PROBLEM STATEMENT. Transcribe only what runs from the line containing "CHIFLA* 80g, carne" through the end of the listing, line for line and exactly, and omit the pictures.

INPUT DATA.
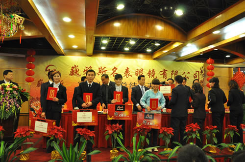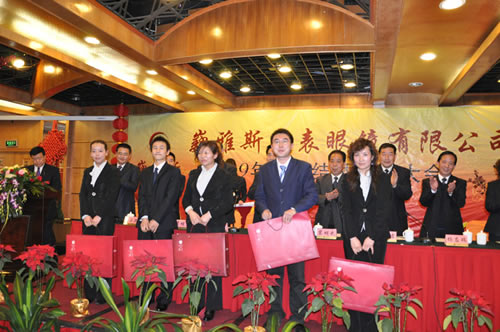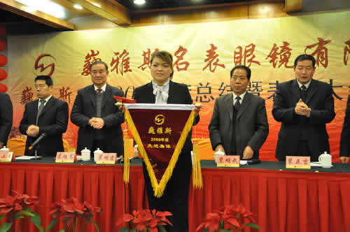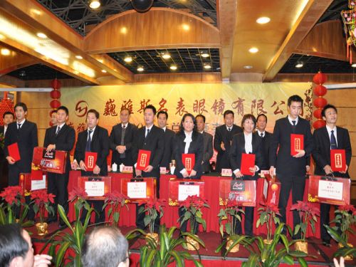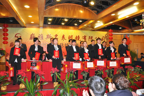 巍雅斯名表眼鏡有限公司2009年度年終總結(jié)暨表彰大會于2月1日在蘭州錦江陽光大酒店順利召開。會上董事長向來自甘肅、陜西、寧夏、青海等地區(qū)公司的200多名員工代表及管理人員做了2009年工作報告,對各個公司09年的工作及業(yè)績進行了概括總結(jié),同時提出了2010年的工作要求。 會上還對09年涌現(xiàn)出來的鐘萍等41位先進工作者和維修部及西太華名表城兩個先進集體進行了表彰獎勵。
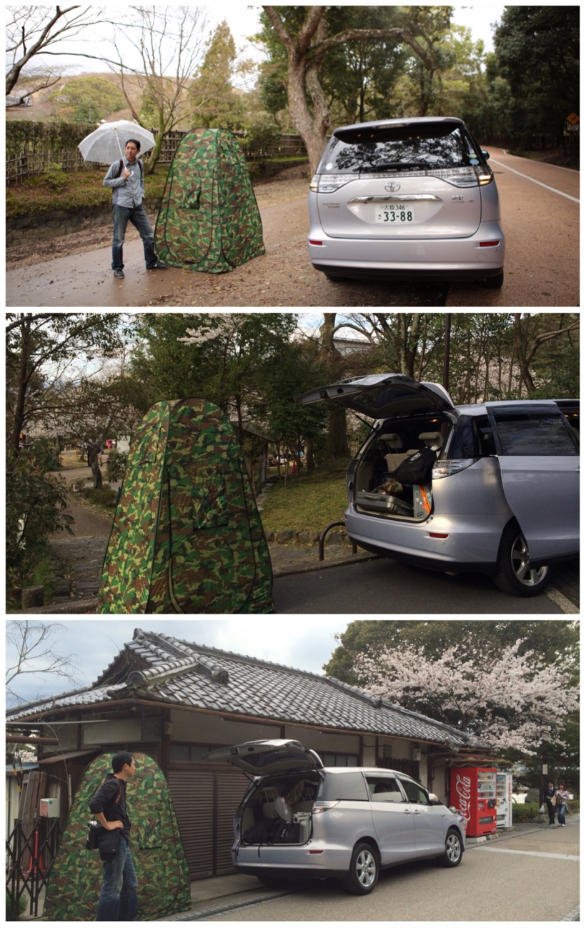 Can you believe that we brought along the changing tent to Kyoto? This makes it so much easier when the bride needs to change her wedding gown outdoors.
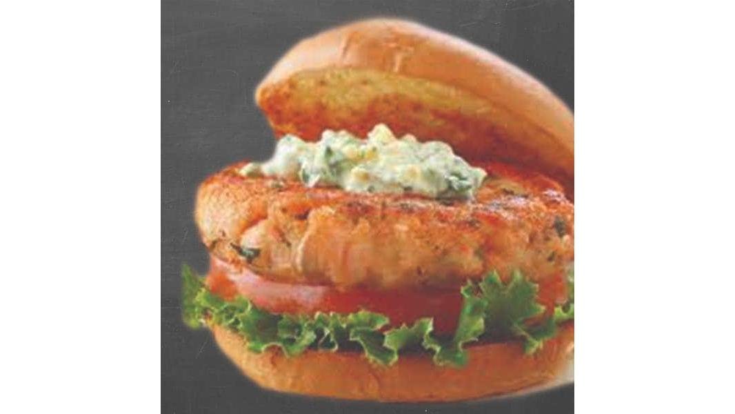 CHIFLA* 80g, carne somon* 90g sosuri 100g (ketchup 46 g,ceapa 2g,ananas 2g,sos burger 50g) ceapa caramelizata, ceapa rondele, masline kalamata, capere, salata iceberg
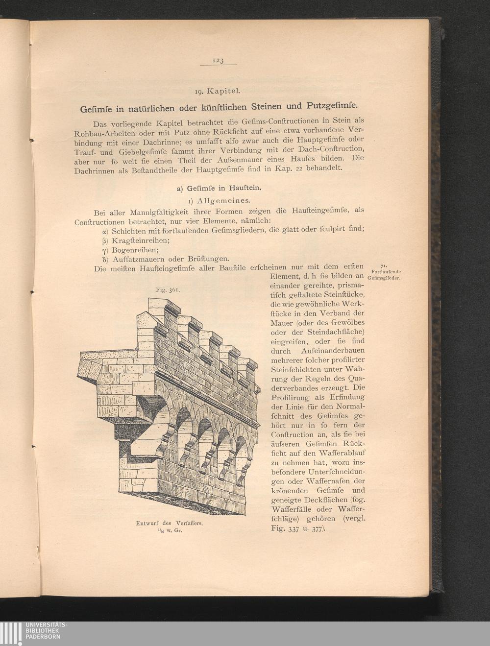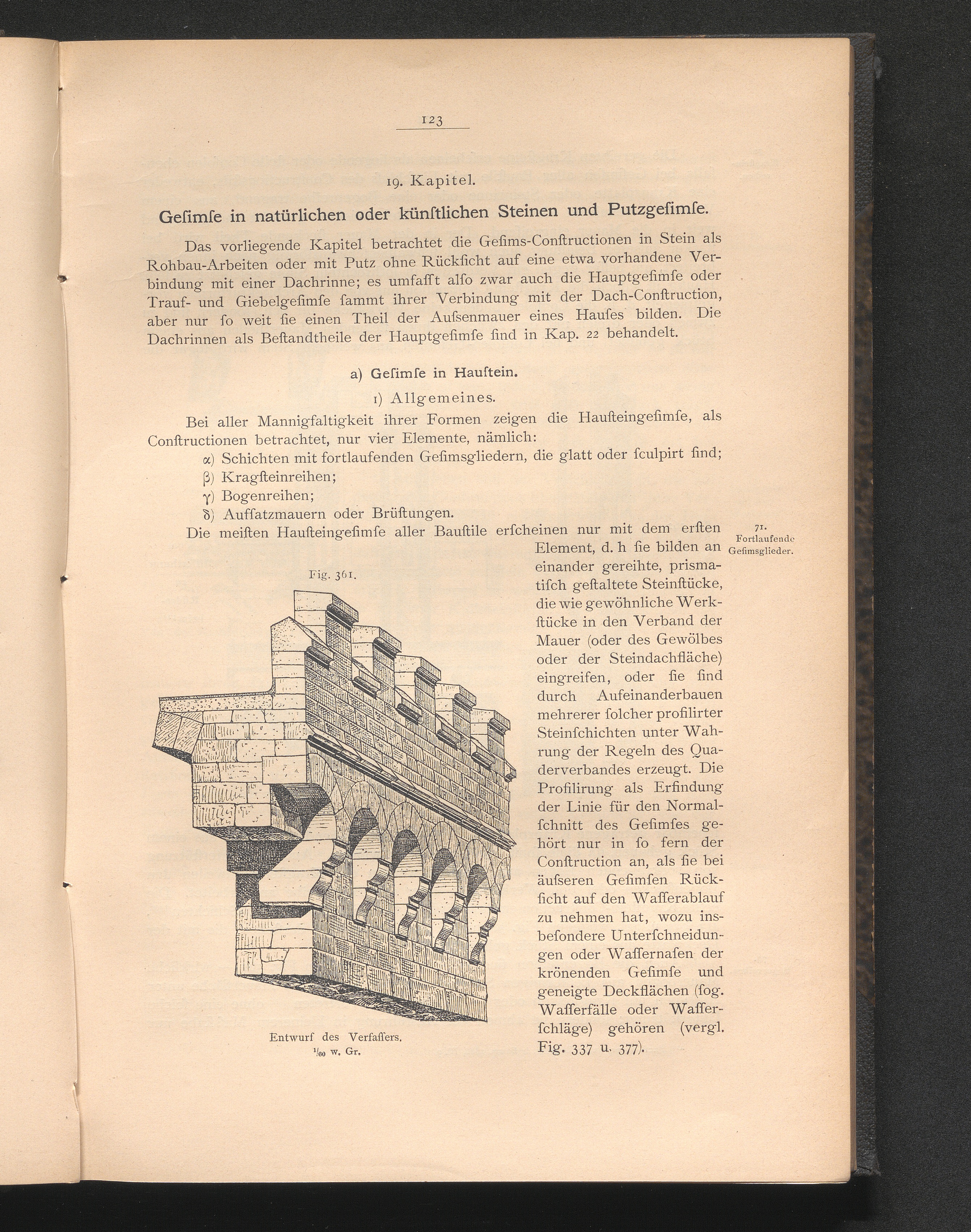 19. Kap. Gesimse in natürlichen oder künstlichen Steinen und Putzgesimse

ANSWER TO THE EXERCISE.
 CHIFLA* 80g, carne somon* 90g sosuri 100g (ketchup 46 g,ceapa 2g,ananas 2g,sos burger 50g) ceapa caramelizata, ceapa rondele, masline kalamata, capere, salata iceberg
 19. Kap. Gesimse in natürlichen oder künstlichen Steinen und Putzgesimse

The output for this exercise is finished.